» **TASK TO CARRY OUT**
Lines before the one containing "Love Moschino dam" are excluded; reproduce that line and all lines after it in the entries below, exactly.

» **MATERIAL PROVIDED**
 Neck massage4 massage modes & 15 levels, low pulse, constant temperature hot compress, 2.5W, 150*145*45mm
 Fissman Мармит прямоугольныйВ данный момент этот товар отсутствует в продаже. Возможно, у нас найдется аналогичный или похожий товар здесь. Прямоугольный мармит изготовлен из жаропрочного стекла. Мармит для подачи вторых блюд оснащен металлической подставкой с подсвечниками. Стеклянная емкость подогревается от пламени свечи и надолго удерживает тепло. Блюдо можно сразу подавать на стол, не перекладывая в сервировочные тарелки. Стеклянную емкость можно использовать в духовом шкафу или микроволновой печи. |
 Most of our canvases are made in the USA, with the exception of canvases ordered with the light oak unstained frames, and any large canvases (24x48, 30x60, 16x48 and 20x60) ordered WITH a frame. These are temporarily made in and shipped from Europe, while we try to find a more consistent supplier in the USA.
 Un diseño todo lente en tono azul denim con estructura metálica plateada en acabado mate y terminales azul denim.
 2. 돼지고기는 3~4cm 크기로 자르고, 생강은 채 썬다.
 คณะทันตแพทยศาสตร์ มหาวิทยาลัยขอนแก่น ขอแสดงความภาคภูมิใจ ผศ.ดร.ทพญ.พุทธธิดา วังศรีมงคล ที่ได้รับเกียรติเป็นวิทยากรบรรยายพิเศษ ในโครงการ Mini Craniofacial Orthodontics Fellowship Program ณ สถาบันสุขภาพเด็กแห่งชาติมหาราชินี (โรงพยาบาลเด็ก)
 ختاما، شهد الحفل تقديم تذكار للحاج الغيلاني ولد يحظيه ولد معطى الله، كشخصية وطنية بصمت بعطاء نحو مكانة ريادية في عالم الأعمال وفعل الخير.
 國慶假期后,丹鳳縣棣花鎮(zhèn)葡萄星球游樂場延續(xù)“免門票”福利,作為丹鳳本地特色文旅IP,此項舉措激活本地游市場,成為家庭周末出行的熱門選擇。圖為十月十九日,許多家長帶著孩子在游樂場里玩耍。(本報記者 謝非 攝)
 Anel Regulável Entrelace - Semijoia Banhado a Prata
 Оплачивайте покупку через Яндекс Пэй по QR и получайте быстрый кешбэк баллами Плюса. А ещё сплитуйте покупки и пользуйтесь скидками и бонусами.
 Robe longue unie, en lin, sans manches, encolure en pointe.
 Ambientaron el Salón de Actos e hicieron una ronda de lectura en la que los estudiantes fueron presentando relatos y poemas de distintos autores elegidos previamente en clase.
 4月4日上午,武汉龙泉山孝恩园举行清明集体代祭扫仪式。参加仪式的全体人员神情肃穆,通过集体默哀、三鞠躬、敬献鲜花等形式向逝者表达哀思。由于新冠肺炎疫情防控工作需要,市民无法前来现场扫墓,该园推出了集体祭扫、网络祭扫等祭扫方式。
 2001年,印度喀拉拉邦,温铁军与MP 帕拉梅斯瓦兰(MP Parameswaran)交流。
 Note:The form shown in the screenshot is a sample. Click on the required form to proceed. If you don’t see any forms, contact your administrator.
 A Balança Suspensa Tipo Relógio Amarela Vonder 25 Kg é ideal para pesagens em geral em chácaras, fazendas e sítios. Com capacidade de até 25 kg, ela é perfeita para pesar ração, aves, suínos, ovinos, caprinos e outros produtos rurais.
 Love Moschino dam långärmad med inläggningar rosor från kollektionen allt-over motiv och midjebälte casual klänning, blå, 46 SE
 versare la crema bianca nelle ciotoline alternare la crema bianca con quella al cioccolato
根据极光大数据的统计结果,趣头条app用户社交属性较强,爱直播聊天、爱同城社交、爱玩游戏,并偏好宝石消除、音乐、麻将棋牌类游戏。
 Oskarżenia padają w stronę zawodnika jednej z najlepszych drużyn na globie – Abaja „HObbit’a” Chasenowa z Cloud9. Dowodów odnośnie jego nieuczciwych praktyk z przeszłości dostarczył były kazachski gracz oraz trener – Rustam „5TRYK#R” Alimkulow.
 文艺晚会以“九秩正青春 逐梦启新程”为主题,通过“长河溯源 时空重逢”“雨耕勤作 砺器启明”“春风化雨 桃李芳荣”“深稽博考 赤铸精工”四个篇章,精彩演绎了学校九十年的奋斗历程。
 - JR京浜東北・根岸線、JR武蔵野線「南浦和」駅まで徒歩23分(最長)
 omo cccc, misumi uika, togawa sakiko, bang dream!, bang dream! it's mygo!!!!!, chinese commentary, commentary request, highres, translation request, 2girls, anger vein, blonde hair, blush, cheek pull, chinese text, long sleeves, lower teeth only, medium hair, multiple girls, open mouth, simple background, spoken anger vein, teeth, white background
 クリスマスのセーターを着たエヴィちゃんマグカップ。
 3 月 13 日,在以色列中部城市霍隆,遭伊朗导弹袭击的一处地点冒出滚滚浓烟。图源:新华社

» **SOLUTION BELOW**
 Love Moschino dam långärmad med inläggningar rosor från kollektionen allt-over motiv och midjebälte casual klänning, blå, 46 SE
 versare la crema bianca nelle ciotoline alternare la crema bianca con quella al cioccolato
根据极光大数据的统计结果,趣头条app用户社交属性较强,爱直播聊天、爱同城社交、爱玩游戏,并偏好宝石消除、音乐、麻将棋牌类游戏。
 Oskarżenia padają w stronę zawodnika jednej z najlepszych drużyn na globie – Abaja „HObbit’a” Chasenowa z Cloud9. Dowodów odnośnie jego nieuczciwych praktyk z przeszłości dostarczył były kazachski gracz oraz trener – Rustam „5TRYK#R” Alimkulow.
 文艺晚会以“九秩正青春 逐梦启新程”为主题,通过“长河溯源 时空重逢”“雨耕勤作 砺器启明”“春风化雨 桃李芳荣”“深稽博考 赤铸精工”四个篇章,精彩演绎了学校九十年的奋斗历程。
 - JR京浜東北・根岸線、JR武蔵野線「南浦和」駅まで徒歩23分(最長)
 omo cccc, misumi uika, togawa sakiko, bang dream!, bang dream! it's mygo!!!!!, chinese commentary, commentary request, highres, translation request, 2girls, anger vein, blonde hair, blush, cheek pull, chinese text, long sleeves, lower teeth only, medium hair, multiple girls, open mouth, simple background, spoken anger vein, teeth, white background
 クリスマスのセーターを着たエヴィちゃんマグカップ。
 3 月 13 日,在以色列中部城市霍隆,遭伊朗导弹袭击的一处地点冒出滚滚浓烟。图源:新华社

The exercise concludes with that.